Это верно, что человек каждый раз рождается впервые, но никто не называет его родителей новаторами и не считает именно их Адамом и Евой. Каждая новая инвектива Белого дома рождается с такой помпой, будто на этот раз там наверняка опровергнут закон земного притяжения. Но ньютоново яблоко по-прежнему падает не вверх, а вниз, как и в те времена, когда наши мифологические прародители вкусили этот плод с древа познания добра и зла.
Отринуть первопричины и закономерности исторического развития не легче, чем отменить основные законы мироздания. Но политики из Белого дома, повторяя старые антисоциальные наветы, полагают себя новаторами, призванными открыть человечеству глаза на его заблуждения. Такая большая амбиция влечет за собой еще больший конфуз.
Высшие чины новой администрации США кощунственно назвали народно-освободительные движения международным терроризмом и обвинили Советский Союз в их организации и поддержке. Ничего нового мы не услышали в этих обвинениях. Просто — новый вариант древних легенд о «кознях Коминтерна» и «руке Москвы». Только расчетливо пристегнуто модное слово — «терроризм», не без основания пугающее американцев. Есть смысл заглянуть в его семантическую родословную.
Что такое «террор»? Слово это пришло в Россию с Запада. Латинский его корень обнажен — terror. В буквальном переводе оно означает — «ужас» и существует давно. Пользовались им еще в Древнем Риме, даже до нашей эры. Из учебников истории известны проскрипционные списки мрачного полководца и диктатора Суллы, чья опасная ухмылка заставляет вздрогнуть и через века.
Полистаем, однако, словари. Возьмем иностранные издания, самые фундаментальные, основополагающие, нормативные — десятитомный Ларусс, двухтомный Уэбстер и прославленный оксфордский однотомник. Все они имеют солидную репутацию. Не отразился ли в их определении понятия «террор» конкретно-исторический опыт данной страны и суждения ее правящего класса?
Итак, французский Ларусс: «террор — насилия и преступления, осуществляемые систематически с целью держать группу индивидуумов в страхе». Три строчки, а за ними многое… Ночь в прерывистом пламени мушкетных выстрелов, звон алебард, лязганье шпаг, белые кресты на дверях домов, где жили гугеноты — единоверцы и подданные рыжего короля Наварры, впоследствии Генриха IV на французском престоле. Они съехались в Париж по случаю его бракосочетания, но попали в ловушку религиозных распрей. В эту ночь святого Варфоломея католики убивали гугенотов, и она навсегда осталась синонимом массовой резни, беспощадного террора.

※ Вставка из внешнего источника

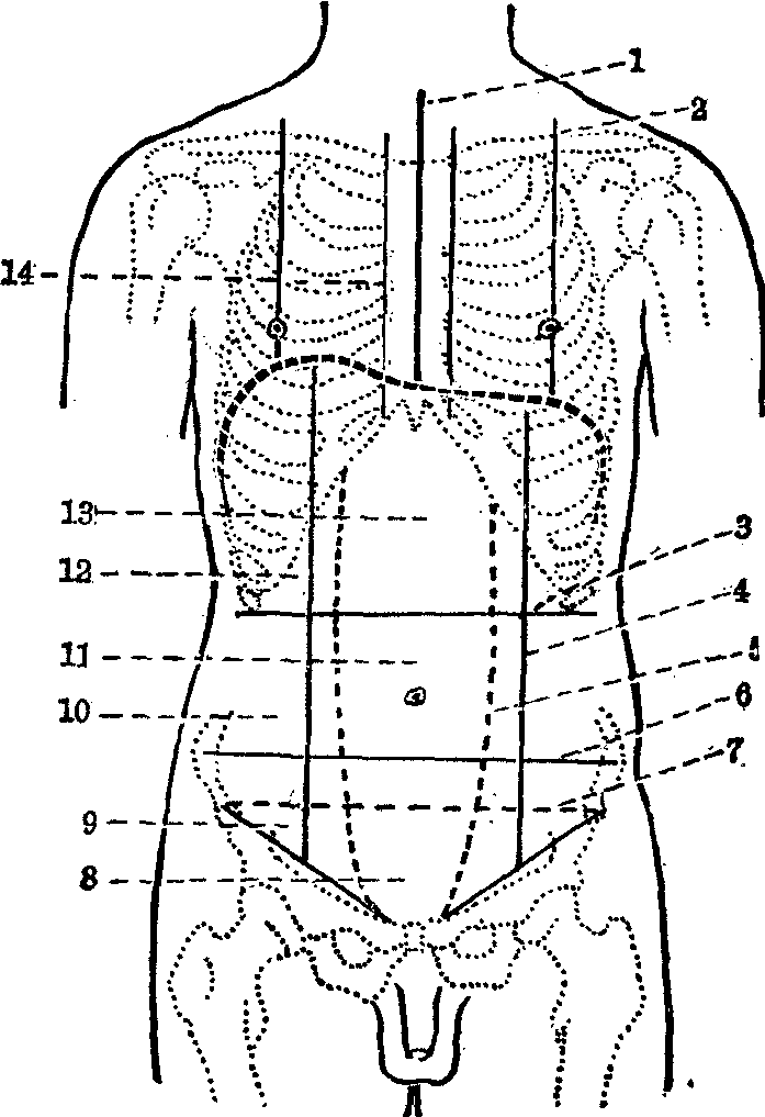 释义 | 胸腹壁的标志线与腹部分区 胸腹壁的标志线与腹部分区为确定体内器官的位置和体表投影,特在胸、腹壁规定若干标志线,用以分区(见图)。 胸部标志线与腹部分区 腹部 以两条横线和两条垂直线将腹部分为9个区:上横线为两侧肋弓最低点的连线,即肋下线;下横线是两侧髂嵴结节的连线,即结节间线,(或取两侧髂前上棘间的连线,即棘间线)。两条垂直线是通过两侧腹股沟韧带中点的垂线,它们分别与横线垂直相交。(有人主张采用沿腹直肌侧缘的垂线)。9个区由上而下为:中间的腹上区、脐区和耻区(腹下区);两侧的左及右季肋区、左右腹外侧区和左右腹股沟区。另有一种简便分区法,是画纵横各一条直线,在脐处成直角相交,将腹部划分为四个象限,即: 左、右上象限及左、右下象限。 ☚ 附肢的筋膜 内脏 ☛ |
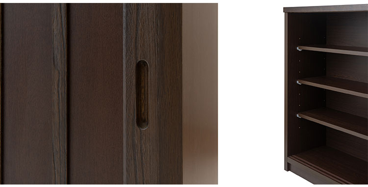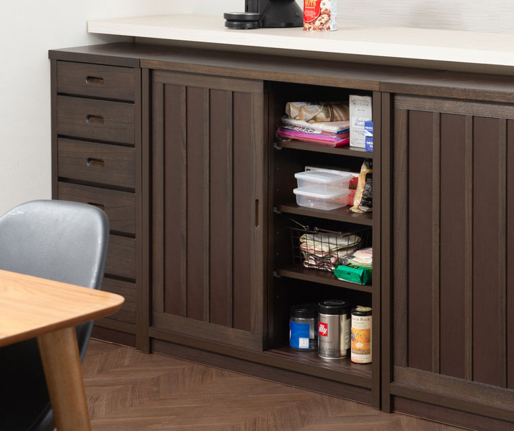 ■商品について/長く使える品質と高級感漂うデザインの【Tatis】シリーズが新登場!桐の木目を引き立たせたうづくり仕上げ、職人が組み上げた、日本製の完成品ならではの洗練されたデザインが魅力的なキッチンカウンター下収納シリーズです。和室はもちろん、洋室でも違和感なくお洒落なお部屋に演出してくれます♪2枚扉の引き戸式カウンター下収納は、すっきりとした仕上げがリビングに置いても飽きのこないデザインになっています。食器類の収納はもちろんの事、棚板の高さを変えて様々な物の収納ができます。カウンター下には案外収納する物が溢れています。CDやDVDを収納したり、アルバムや眼鏡ケースなど小物の収納にも便利です。また棚板を止める金具は特殊な金具を使い、設置すると落ちにくい構造になっています。カウンター下などデッドスペースに、造り付けのようなしっかりとした収納スペースが作れます。他のシリーズと合わせて、キッチンやリビングなどでお洒落に収納できます。
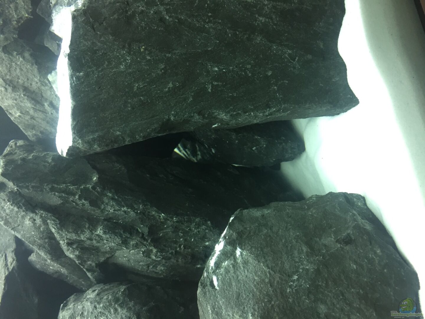 Es dürften inzwischen an die 80 Kilo Gestein sein, Wertach Bruchstein und graue Basalt Rundsteine. Es gibt's somit sehr viele kleine und grö??er Spalten und Höhlen
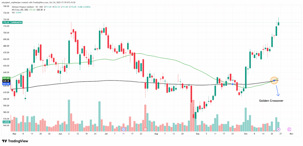 The golden crossover took place on October 21, 2025, at Rs. 627.66 with decent volumes of 675 K. The stock closed at Rs. 716.50 in Friday’s session, reflecting a 0.97 percent increase in the intraday trade.
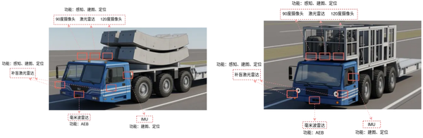 本次搭载对象为MSV胶轮车(用于TBM隧道施工物料运输)。车辆长期运行于狭长、封闭的隧道内部,且需要分别在车辆的“前端”和“后端”搭载两套独立的感知系统,以满足双向行驶的作业需求。
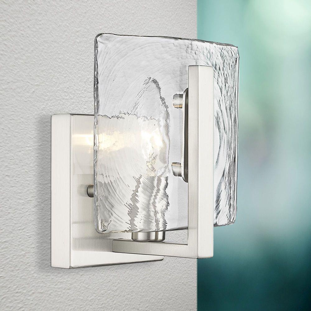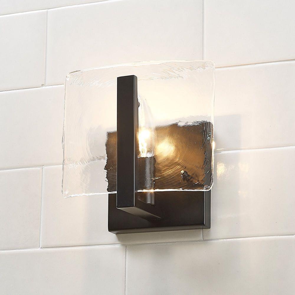 Aenon's universal style positions the series as a contemporary design perfect for transitional to modern homes. The striking Hammered Water Glass draws the eye and quickly becomes a topic of conversation and admiration. Strong masculine steel arms cradle Aenon's unique glass panels, suspending them mid-air. When lit, the Hammered Water Glass contrasts the contemporary finishes and reflect the bright light. Choose between multiple finish options.
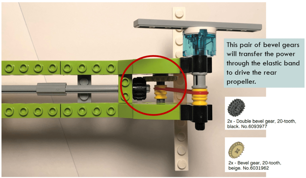 The long axle then connects to a pair of bevel gear to change the rotation direction. The output axle connects to a piece of elastic band to drive the rear propeller.
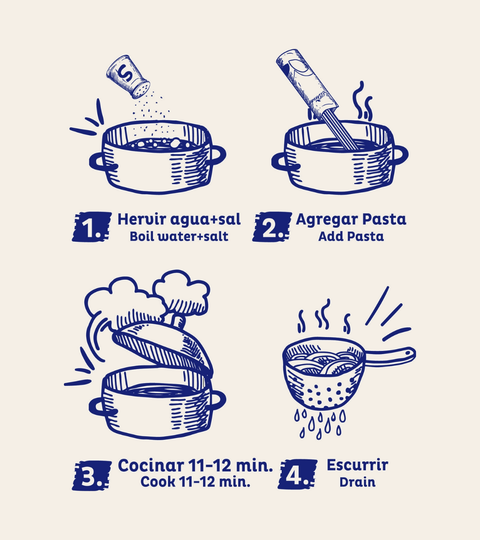✸ Cocción: Por cada 100 gramos de pasta, hervir en una olla honda 2 litros de agua y 10 gramos de sal.
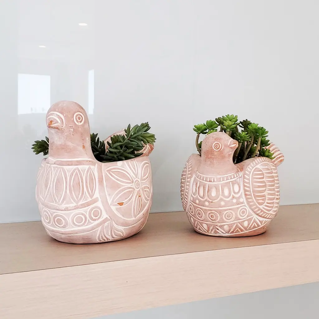 This playful pottery in the shape of animals will make your garden planters unique and functional. Each piece is molded into fun shapes that can be filled with lots of colorful flowers or green plant materials.Each product is designed and curated by Korissa, sustainably handmade by Fair Trade artisans in Bangladesh.
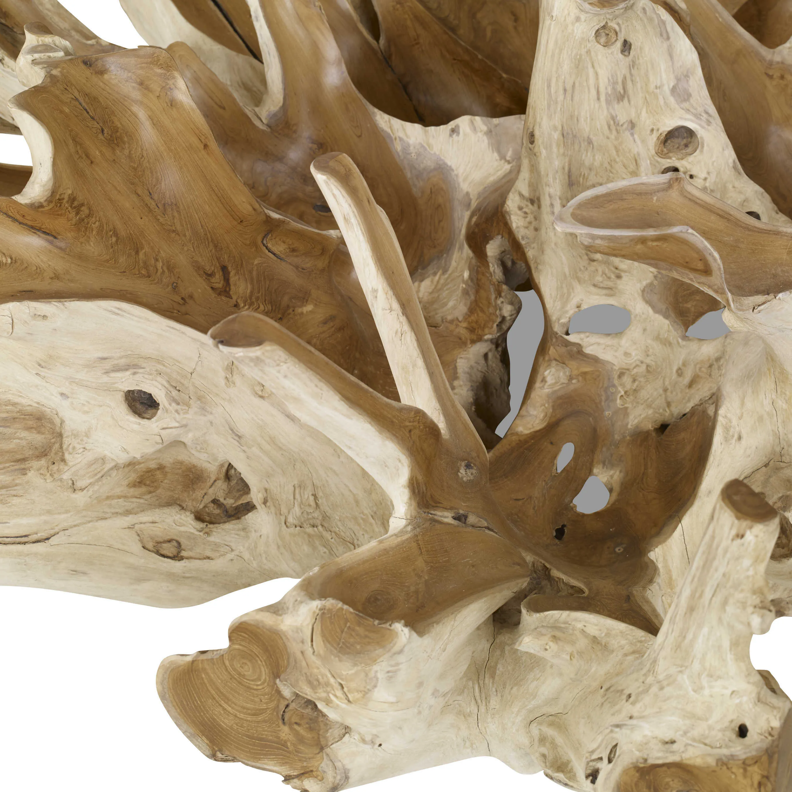 Nature has sculpted the beautiful Center Root Coffee Table. It is a stunning art piece that provides beauty and function. Made from the ball root of a plantation-grown teak tree, it is meticulously finished by artisans. Every table will vary ensuring its uniqueness. 40" x 60" glass included.
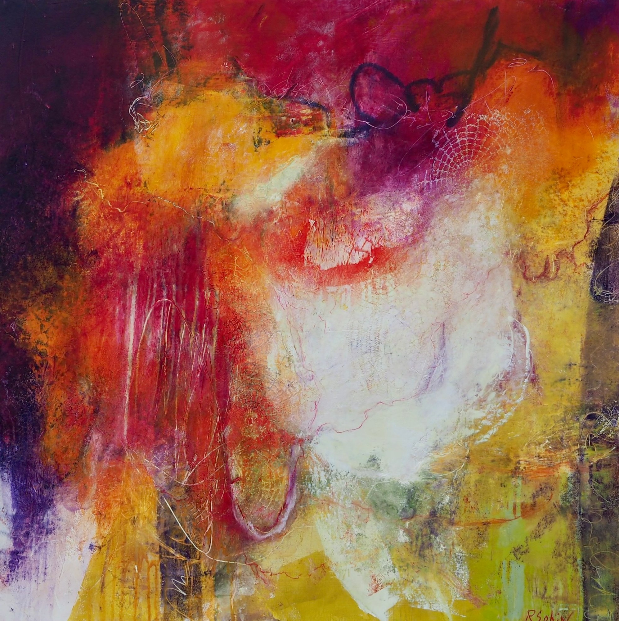 Oil, cold wax, and pastel on cradled panel. Intertwined is in the series "The Intimacy of Language".
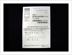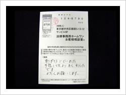 私の知らないという事で大変先生には御迷惑をおかけしました。とてもきっちりされた法律事務所だと思いました。
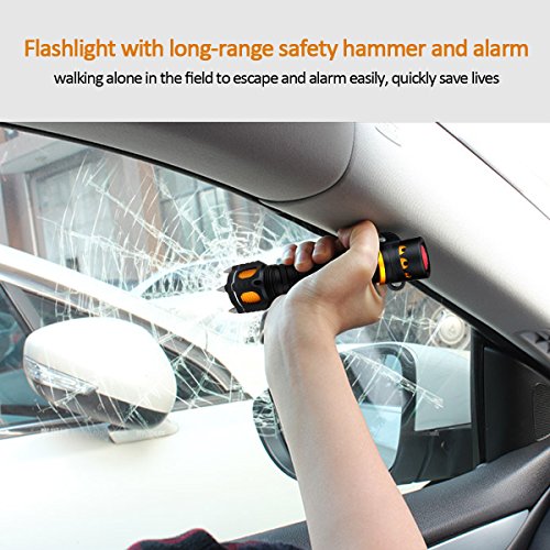 - √ Four Diamond attack heads, can break the window in an emergency situation,With blade at flashlight button side, can easily cut off ropes in gloves,attack head and audible alarm tail design, great for defense or emergency situation!

Штурмом крепости-тюрьмы Бастилия открылась первая страница революции 1789—1794 годов во Франции. В детстве я прочел серию немудреных романов на сюжеты французской истории, выходивших в зеленоватых обложках издательства «Каспари». Эта расхожая литература укачивала на своих коленях не одного подростка, и пудра фрейлин старого королевского двора, этот снег монархического Олимпа, окутывала юного читателя фантастическим и пьянящим облаком.
Феодализм еще хотел нравиться. Дворянские поверья приукрашивали его прошлое. Историко-бульварная литература Европы, в том числе и царской России, румянила, припудривала его облик. Спустя два века средства массовой информации с еще большим рвением внушали американцам симпатии к одному из последних самодержцев на земле — к шаху Ирана. Лживая пропаганда — жестокая птица, вроде грифов — обожает мертвечину.
Так вот и вышло, что мальчишкой, не постигшим смысла революционных событий в Париже, я оплакивал судьбу королевы Марии-Антуанетты. Спустя два-три года я стал понимать живую, реальную жизнь, начал читать серьезные книги и уже бредил Маратом, восхищался Сен-Жюстом, сидел с ним рядом на заседаниях Конвента, распевал Марсельезу, сражался при Вальми, где волонтеры, применяя новую тактику, разбили войска интервентов.
«Революционная Франция оборонялась от монархической Европы», — писал Ленин. Королевская семья была в тайном союзе с чужеземными пришельцами. Я ненавидел Бурбонов и в Марии-Антуанетте узрел не только грациозную женщину с приторно ангельскими глазами, но фурию в короне, нарядное олицетворение жестокого деспотичного легитимизма, на который с такой грозной силой и блеском государственного творчества поднялась французская революция.